What is required: Everything from the line that holds "a good laugh." through the end of the records below is to be transcribed exactly, except the pictures.
━━━ Supplied information
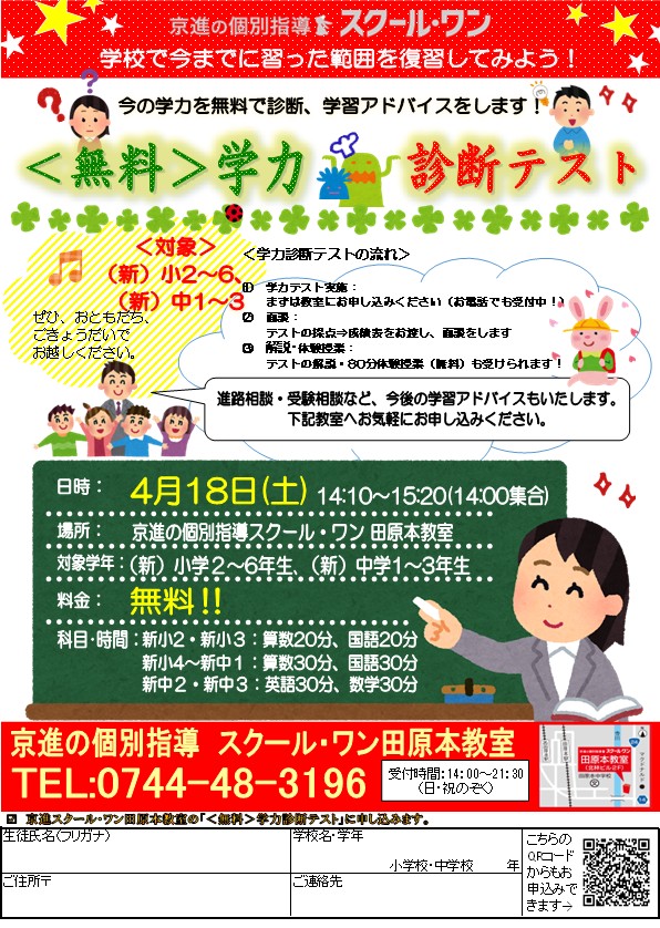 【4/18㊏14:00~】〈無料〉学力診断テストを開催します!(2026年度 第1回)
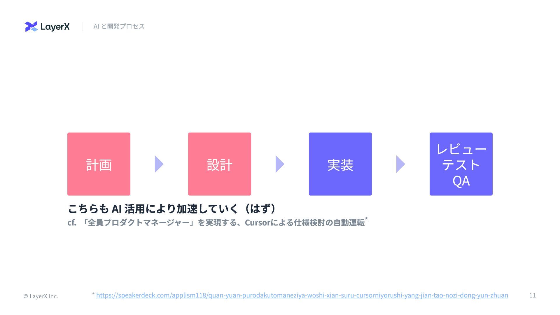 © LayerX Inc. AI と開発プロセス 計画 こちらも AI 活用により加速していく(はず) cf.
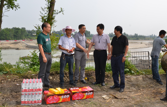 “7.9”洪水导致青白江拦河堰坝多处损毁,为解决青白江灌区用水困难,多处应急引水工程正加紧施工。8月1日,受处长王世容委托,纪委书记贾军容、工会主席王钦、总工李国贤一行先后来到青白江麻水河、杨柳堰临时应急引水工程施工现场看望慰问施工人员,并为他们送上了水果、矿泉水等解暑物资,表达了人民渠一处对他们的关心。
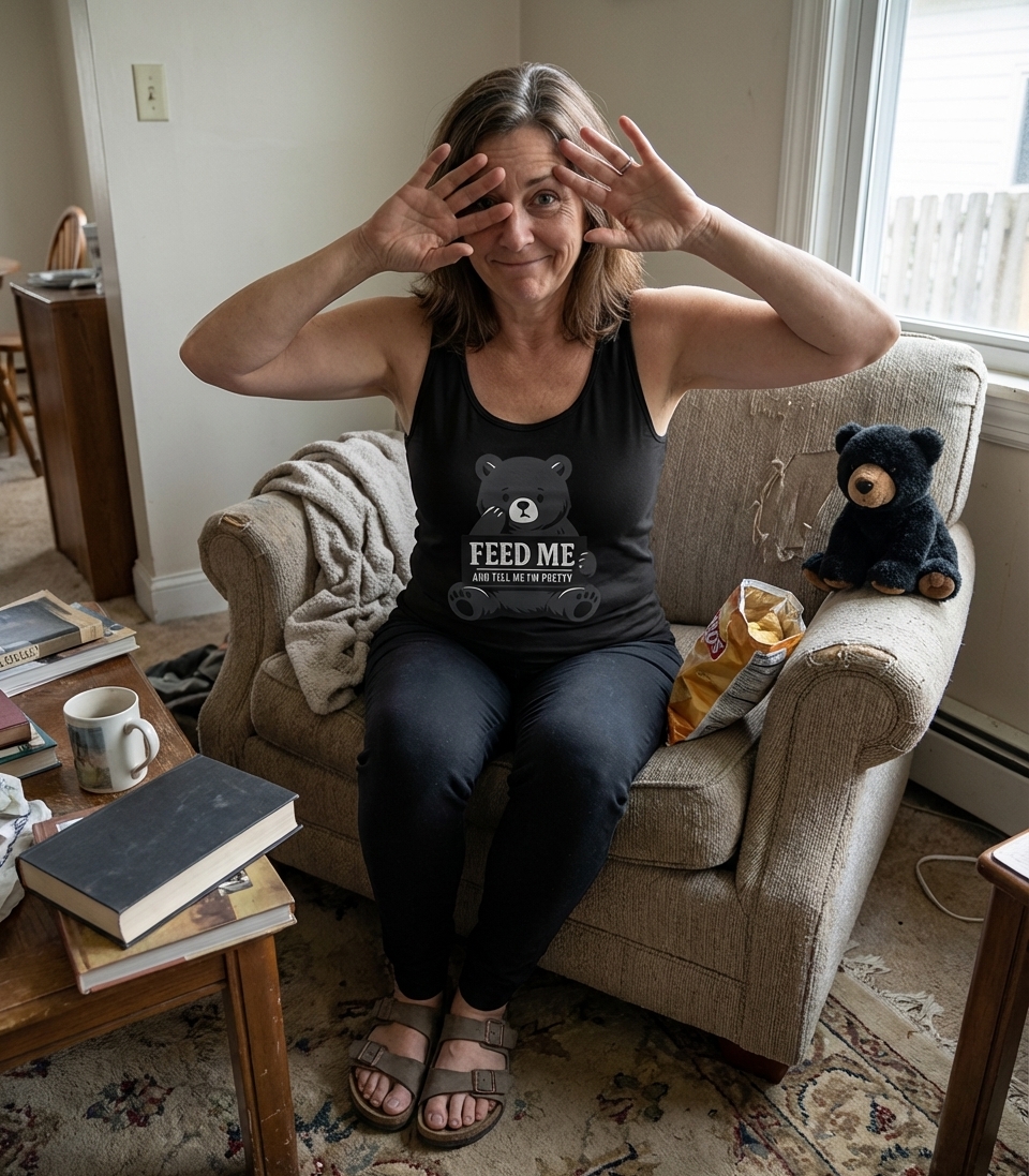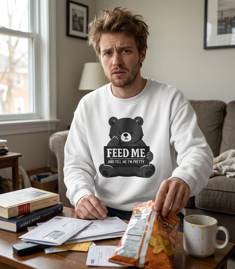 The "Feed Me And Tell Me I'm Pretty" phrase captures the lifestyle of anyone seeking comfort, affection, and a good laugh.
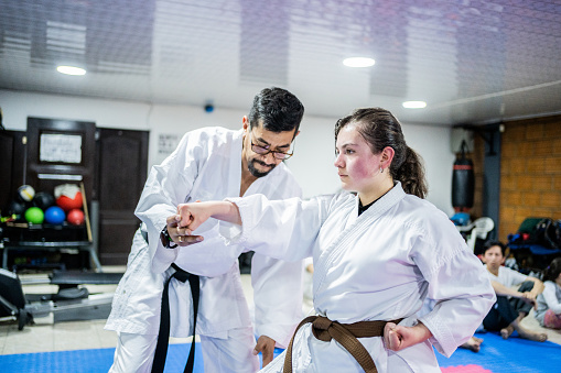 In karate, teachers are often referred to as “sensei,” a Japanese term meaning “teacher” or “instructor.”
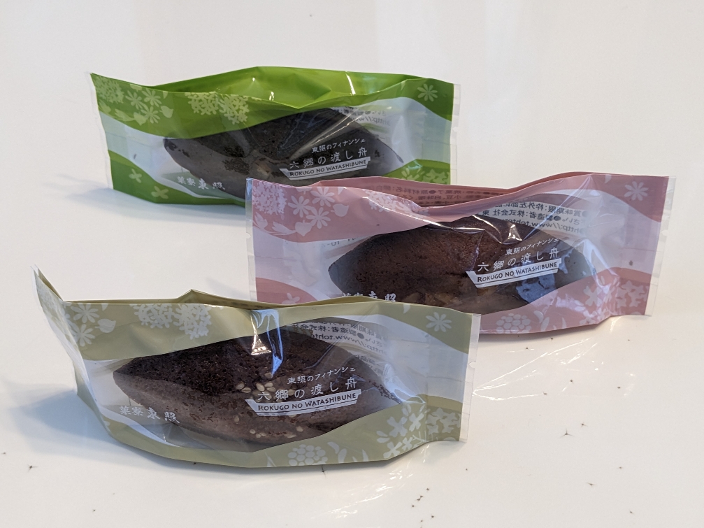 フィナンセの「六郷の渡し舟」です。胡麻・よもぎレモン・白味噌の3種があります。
━━━━━━
Exercise response:
 The "Feed Me And Tell Me I'm Pretty" phrase captures the lifestyle of anyone seeking comfort, affection, and a good laugh.
 In karate, teachers are often referred to as “sensei,” a Japanese term meaning “teacher” or “instructor.”
 フィナンセの「六郷の渡し舟」です。胡麻・よもぎレモン・白味噌の3種があります。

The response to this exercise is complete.